Workforce remains a key concern for me, and how we continue to develop and strengthen hospital pharmacy. Generally, pharmacists working in hospitals are extremely well respected. However, we need to be wary of developing niche roles, which finish when the post-holder leaves, because we have not focused enough attention on succession planning.
Access to resources and funds for education and training are also a concern at present, with ever-increasing reliance on staff to self-fund their training. In the current financial climate, where pay caps have been in place for a number of years, staff are having to make difficult choices about whether they can afford to support periods of further study, which historically have been funded through employer contributions.

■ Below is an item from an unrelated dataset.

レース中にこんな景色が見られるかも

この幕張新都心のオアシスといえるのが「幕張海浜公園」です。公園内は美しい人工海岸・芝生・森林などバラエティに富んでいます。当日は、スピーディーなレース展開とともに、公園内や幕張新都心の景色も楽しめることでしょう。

Why should people consider a career in hospital pharmacy?
It’s very diverse, incredibly interesting, and no two days are the same. You get to use your whole range of pharmacy skills, and you interact with large numbers of patients. You make a massive contribution to patient outcomes and safety. And you are recognised on an equal footing with other members of the healthcare team — you are truly valued by everyone you work with. Over the course of my career I have been involved in many projects which have not only improved patient safety, but also supported the medicines optimisation agenda. Most recently, I was involved in the standardisation of chemotherapy dose banding across England, which clearly showed that when a group of pharmacists gets together we can not only innovate but deliver change on a grand scale, extremely rapidly.
Can people join the Hospital Expert Advisory Group?
We’re always looking for new members — across the whole spectrum of hospital pharmacy. Many members of the group aren’t based in hospitals, but do work within an NHS trust. As a group we recognise that diversity, and for our RPS support and policy work we need it.
It is extremely important that we attract new members to the group, and that we continue to evolve and develop. If people want to contribute to development in hospitals, and support the RPS, they can get in touch with us, by emailing. We need to keep our group fresh.